Organizing Committee:

  • Robert Calderbank (Charles S. Sydnor Distinguished Professor@ CS, Math, ECE)
  • Di Fang (Assistant Professor@ Math; committee chair)
  • Jianfeng Lu (James B. Duke Distinguished Professor@ Math)
  • Yu Tong (Assistant Professor@ Math, ECE)
  • Hongkai Zhao (Ruth F. DeVarney Distinguished Professo@ Math)

The events are locally hosted and administratively supported by:
Department of Mathematics (primary host; Chair: Hongkai Zhao)
Rhodes Information Initiative at Duke (Director: Jonathan Mattingly)
Duke Quantum Center (Director: Christopher Monroe)

If you have any questions for the organizing committee, please email the committee chair.


Overview:

Quantum computing stands at the forefront of scientific innovation, captivating broad interest as a dynamically evolving field. Recent years have witnessed remarkable progress in developing and analyzing quantum computing algorithms (more commonly known as quantum algorithms) for a wide range of scientific computing challenges. These applications include various numerical linear algebra tasks, solving high-dimensional differential equations, learning from quantum systems, and more.

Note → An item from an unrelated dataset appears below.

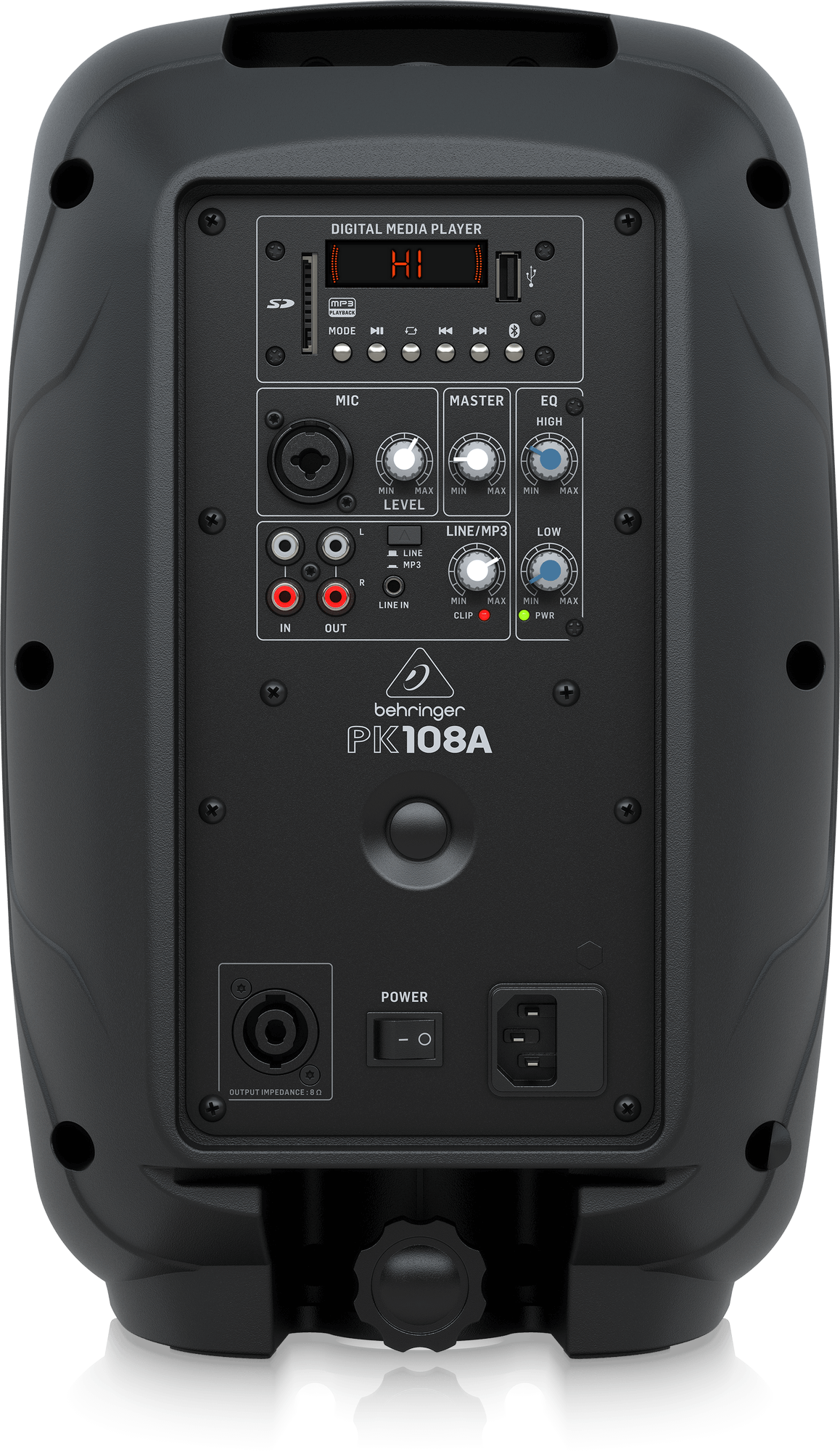 PK108A оснащена встроенным 3-канальным микшером со сверхмалошумными микрофонными предусилителями с большим запасом хэдрума. Также имеются 2-полосный эквалайзер, плюс Bluetooth для потоковой передачи звука напрямую с вашего устройства, 2 автономных микрофонных входа, линейный вход для приема практически любого уровня сигнала, и регуляторы усиления входного сигнала (с Clip светодиодами) для точной настройки. Простой и интуитивно понятный пользовательский интерфейс состоит из отдельного регулятора Level для каждого канала, регулятора общей громкости Master и отдельных регуляторов настройки высоких и низких частот.

In this summer school, we will introduce quantum algorithms and quantum computing from a numerical analysis and applied mathematics perspective. We will first go over fundamental principles and basics of quantum mechanics and quantum computing, and then delve into discussing quantum algorithms of various tasks for scientific computing purposes, including quantum dynamics simulation, numerical linear algebra tasks, numerical differential equation, and quantum learning tasks.

During the first week, participants will systematically acquire the mathematical foundations of quantum algorithms and quantum computing. The program will introduce contemporary and essential techniques for constructing quantum algorithms, including quantum phase estimation, Trotterization, Linear Combination of Unitaries (LCU), block-encoding, quantum signal processing (QSP), and quantum singular value transformation (QSVT). In the second week, we will delve into more advanced topics, such as quantum dynamics simulation, quantum advantage, quantum learning theory, etc. No prior knowledge of quantum physics or quantum computing will be assumed.